- _Task requirements_
Each line from the first entry to the line with "In this example, to", both included, is to be returned unchanged, with any pictures dropped.

- _Provided entries_
○ ○ ○ ○

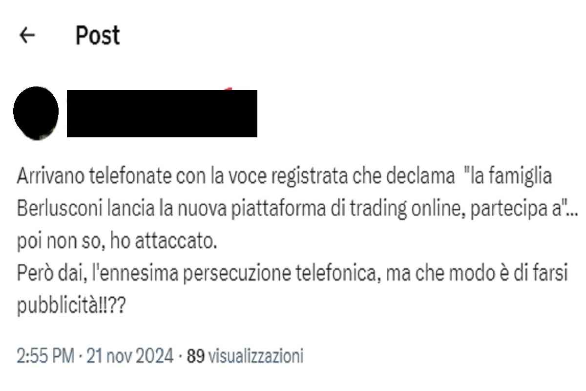 La segnalazione arriva da alcuni utenti X, per poi diventare virale: arriva una chiamata e una voce registrata dice di parlare a nome della famiglia Berlusconi. Ma che cosa sta accadendo? Si tratterebbe di una truffa telefonica bella e buona, come segnala anche un sito specializzato, in cui arrivano decine e decine di segnalazioni degli utenti tutti i giorni.
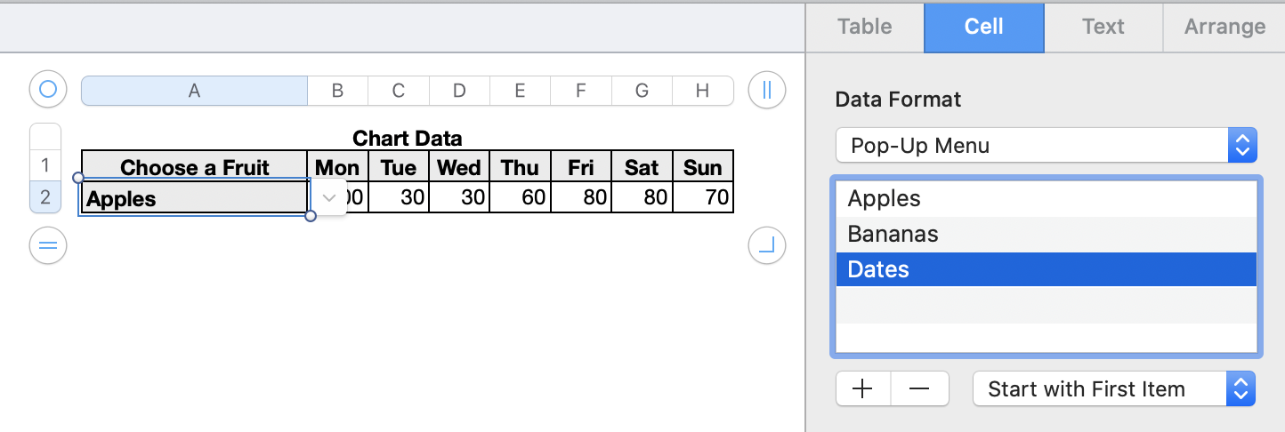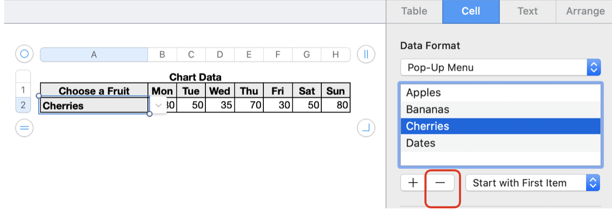 In this example, to delete the menu item 'Cherries' you can do it in Format Panel > Cell
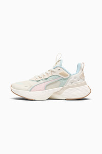 PRODUCT STORY Puma SOFTRIDE Sway features PUMA's proprietary SOFTRIDE EVA technology to offer all-day cushioning on a feminine upper that uses layered materials to create a style that's bold, active, and 100% you. FEATURES & BENEFITS - SOFTFOAM+: Step-in comfort sockliner designed to provide soft cushioning thanks to its extra thick heel - SOFTRIDE: Soft foam designed for all-day cushioning and comfort - The upper of the shoes is made with at least 20% recycled materials. DETAILS - Style: 310318_03 - Color: Alpine Snow-Turquoise Surf-Whisp Of Pink - Outsole: Synthetic and rubber - Midsole: SOFTRIDE foam - Upper: Layered, mixed materials - Jewel piece in the midsole - TPU cage - Webbing: Lock down fit - Closure: Laces - Rounded toe MATERIAL INFORMATION - Midsole: 100% Synthetic - Sockliner: 100% Textile - Outsole: 57.20% Synthetic, 42.80% Rubber - Upper: 55.49% Textile, 44.51% Synthetic - Lining: 100% Textile
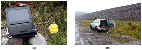 Detailed view of the measurement equipment installed on the ground recording the #4 HVSR station (a). The #8 research point with the equipment measuring and the view of the dam’s downstream side in the image’s background (b).
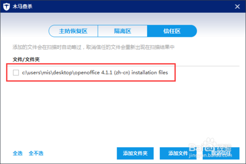 注意:設置到信任區(qū)的文件或文件夾一定要是自己知道這個文件的不是病毒。如果確認建議不要設置為信任文件。
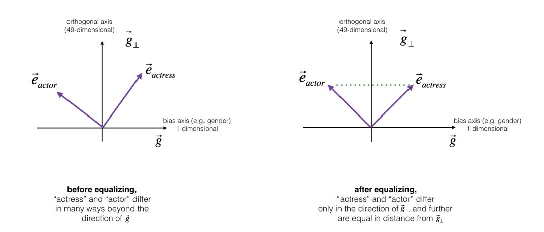 均衡背后的关键思想是确保一对特定的单词与49维距离相等 。均衡步骤还可以确保两个均衡步骤现在与 距离相同,或者用其他方法进行均衡。下图演示了均衡算法的工作原理:
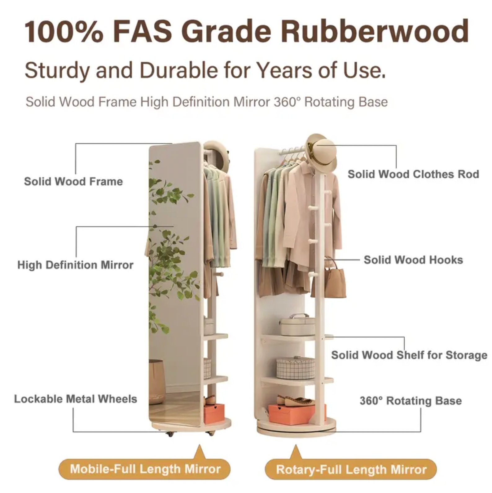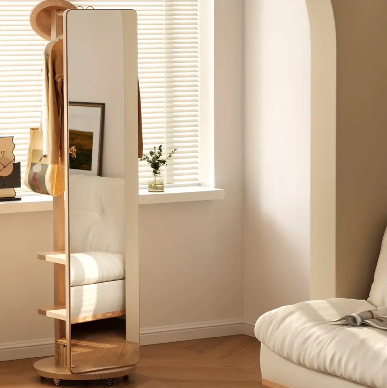 Miroir sur Pied en Bois Massif – Pivotant avec Porte-Manteau
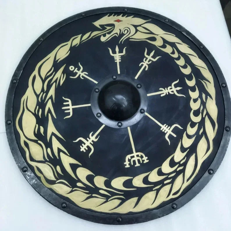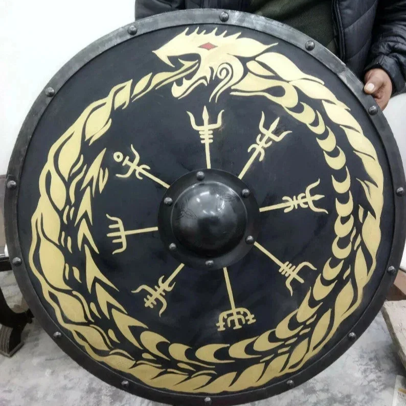 CH Viking Shield Antique Painted Wooden Round Halloween Decoration Gift for Viking Cosplay by Calvin Handicraft
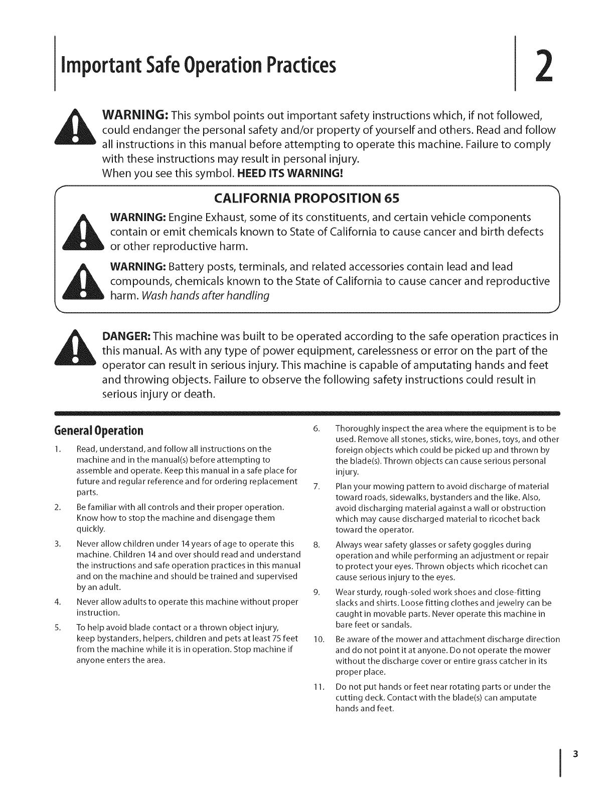 Safe Operation Practices ........................................ 3
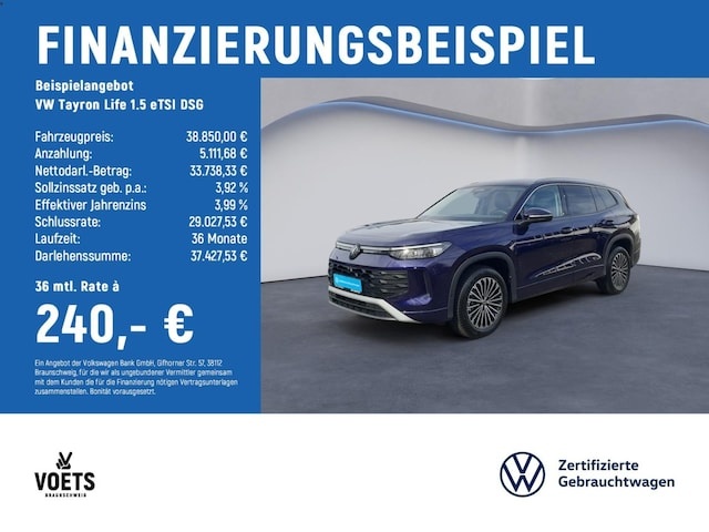 Voor zakelijke klanten bieden wij optioneel een financial lease oplossing en voor particuliere klanten een persoonlijke lening. Met onderstaande module kunt u uw maandbedrag berekenen voor het financieren van bovenstaande Volkswagen Tayron.
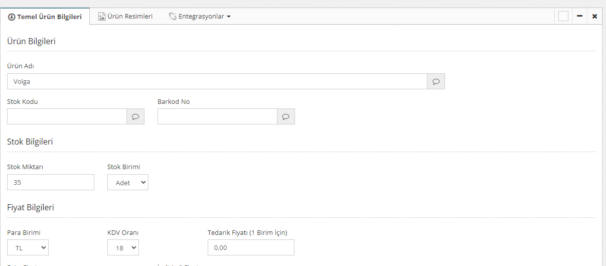 3-> Ürün oluşturma işlemi tamamlandıktan sonra, ürününüze ait görseller ve Enterasyonlar için farklı parametreler ayarlayabileceğiniz sekmeler aktif hale gelecektir.
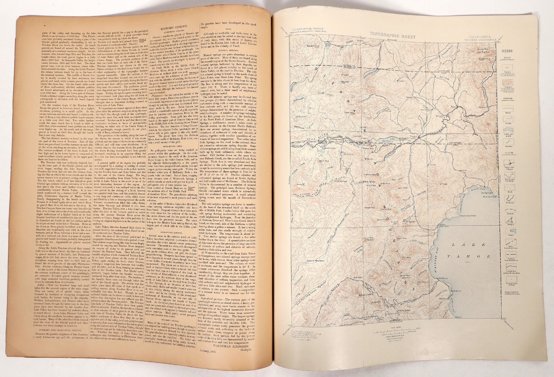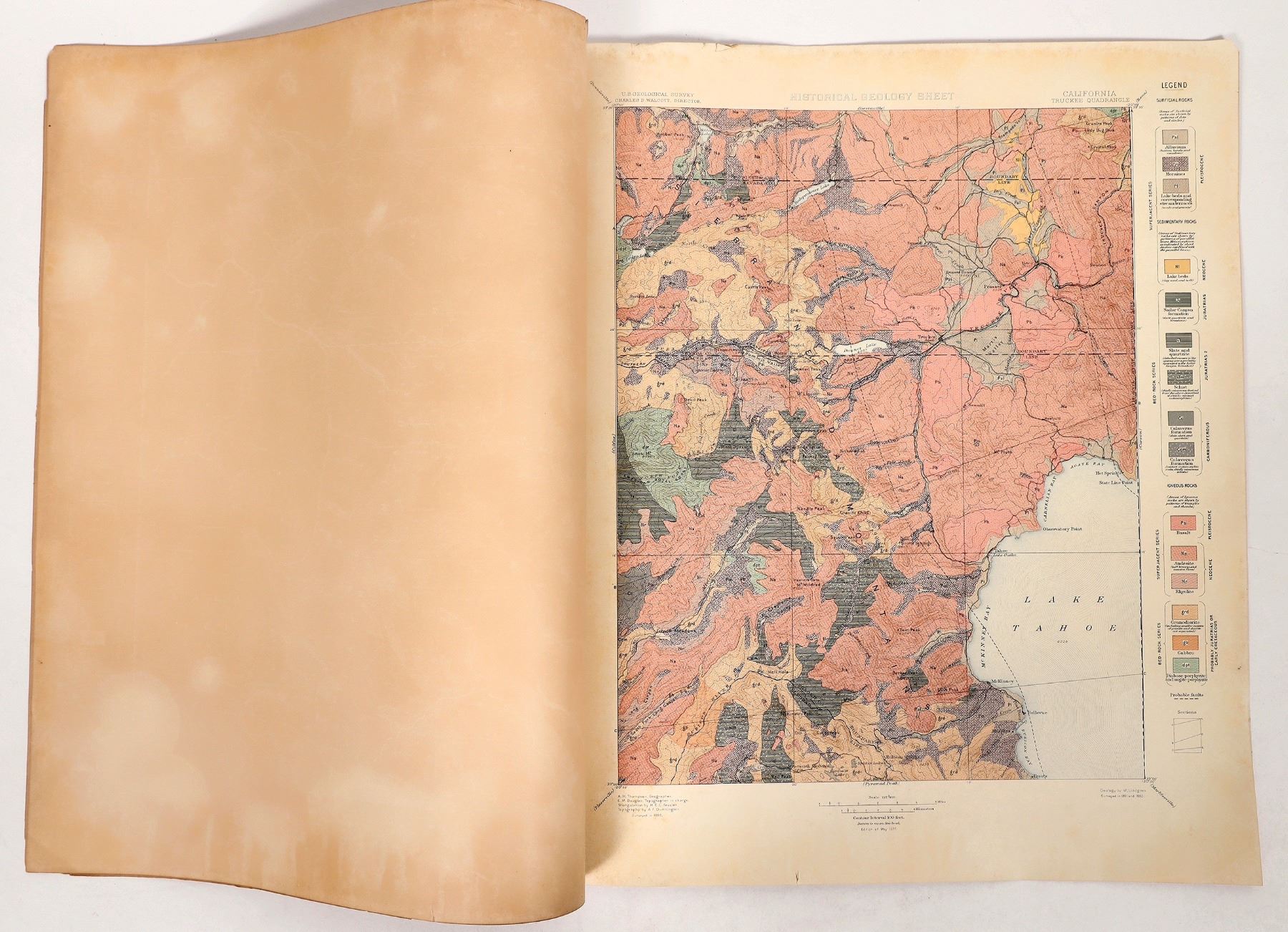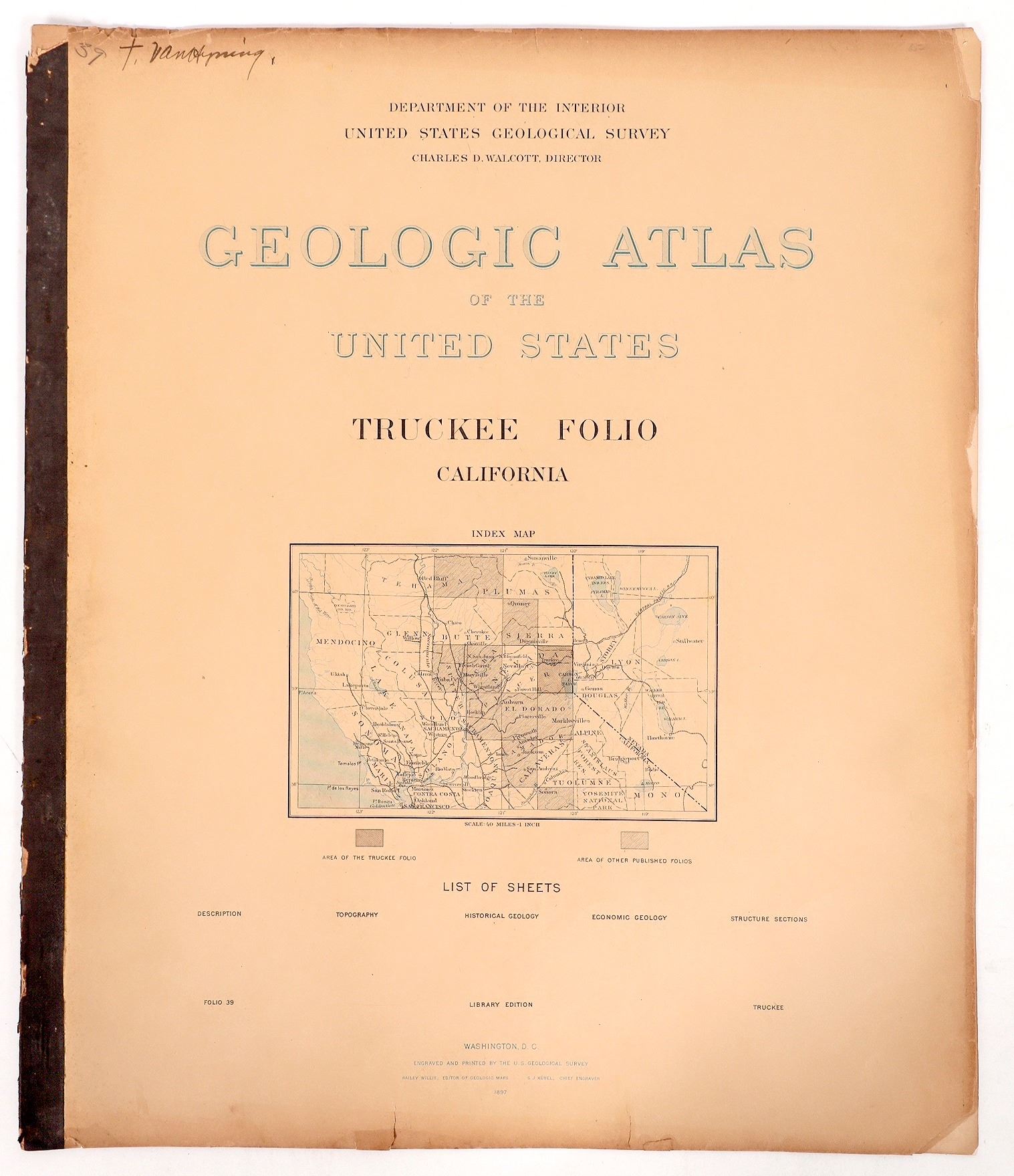 Geologic atlas of Truckee, California, published and printed by the U.S. Geological Survey in 1897. Includes pages on "description, topography, historical geology, economic geology [and] structure sections". Contains 4 color-coded maps illustrating different aspects of the district. Dark toning. Light damage at edges of cover, pages in good condition.
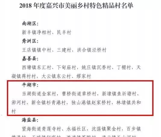 近日,嘉兴市美丽乡村建设工作领导小组办公室公布了2018年度嘉兴市美丽乡村特色精品村名单,我市7个村(当湖街道金家村、曹桥街道章桥村、新埭镇鱼圻塘村、泖河村、新仓镇杉青港村、独山港镇赵家桥村、林埭镇共和村)榜上有名!
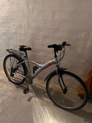 Bicicleta de paseo en color plateado con detalles en rosa. - Cuadro de aluminio. - Ruedas de 26 pulgadas. - Portabultos trasero. - Guardabarros delantero y trasero.
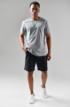 Шорты прямые, свободные. Пояс цельнокроеный с эластичной тесьмой внутри. С внешней стороны пояса пробиты петли и втянута хб тесьма.В боковых швах обработаны карманы, подкладка кармана из основного полотна. Нижние срезы брюк выполнены швом вподгибку на 2-игольной плоскошовной машине.

○ ○ ○ ○

- _Completed task_
 La segnalazione arriva da alcuni utenti X, per poi diventare virale: arriva una chiamata e una voce registrata dice di parlare a nome della famiglia Berlusconi. Ma che cosa sta accadendo? Si tratterebbe di una truffa telefonica bella e buona, come segnala anche un sito specializzato, in cui arrivano decine e decine di segnalazioni degli utenti tutti i giorni.
 In this example, to delete the menu item 'Cherries' you can do it in Format Panel > Cell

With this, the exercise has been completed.